軽井沢移住を考える際、キーワードとして挙げられるのが「教育環境」。都会にはない自然環境でのびのびと子育てできることもあり、子どもが保育園や小学校に上がるタイミングでご家族で移住される方々が近年増えてきています。

軽井沢には、インターナショナルハイスクールのアイザックをはじめ、2020年開校の風越学園、探究学舎というように、子ども個々の能力や個性を尊重し協働しあう学びの場が次々と生まれているのはご存知ですか。「どんなふうに育てたいか」「どういう園や学校に通うのか」というのは、住む場所選びにも大きく関わってきます。

今回は、中軽井沢駅から南に徒歩で約18分。2020年11月に、かつて青山学院大学の寮だった建物をリノベーションし誕生した「EtonHouse 軽井沢(以降:イートンハウス 軽井沢)」をご紹介します。平日の夕方に英語をベースにした小学生向けAfter Schoolと、午前に大人向けの英語クラスを行っています。

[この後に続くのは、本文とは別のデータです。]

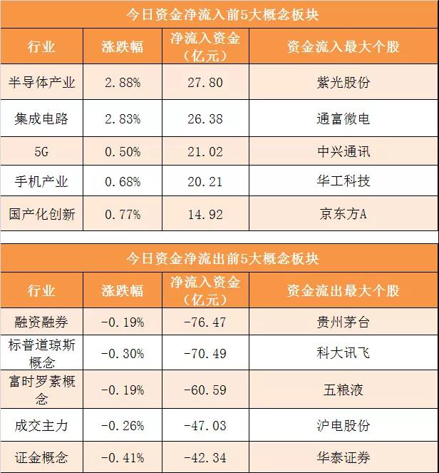 概念板块方面,今日半导体产业、集成电路、5G、手机产业等概念板块资金呈现净流入,其中半导体产业概念净流入27.8亿元居首。

EtonHouse Karuizawa Learning Hub(以降:イートンハウス軽井沢):1995年、シンガポールに初のプリスクールを創設。シンガポールをはじめ、香港、中国、インド、インドネシア、韓国、日本、マレーシア、中東などインターナショナルスクールとプリスクール、8つの国際バカロレア(IB)ワールドスクールを展開。

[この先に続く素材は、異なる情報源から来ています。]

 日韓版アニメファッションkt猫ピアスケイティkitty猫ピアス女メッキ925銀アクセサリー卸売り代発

アジア圏を中心とした、世界各地に100校以上のインターナショナルスクールとプリスクール(保育園)を展開するイートンハウス。2010年に日本で初めてイートンハウス東京校(赤坂)を、昨年2校目となる軽井沢校を立ち上げた、イートンハウス ディレクターのアンリ・タンさんにお話を伺いました。



目指すのは「子どもの自信を育むこと」。遊びながら英語に触れられるAfter School

ここは英語の学校ではなく、遊びの中で英語に触れられるAfter Schoolです。英単語やセンテンスを覚えさせたり、英語を「教える」ものではなく「環境の一部」として捉えています。現在軽井沢のスタッフは、バイリンガルな日本人とネイティブが5名いるので、スクールの中では英語での会話がメインです。屋内や屋外で繰り広げられる遊びの中で、英語が自然と耳に入ってきます。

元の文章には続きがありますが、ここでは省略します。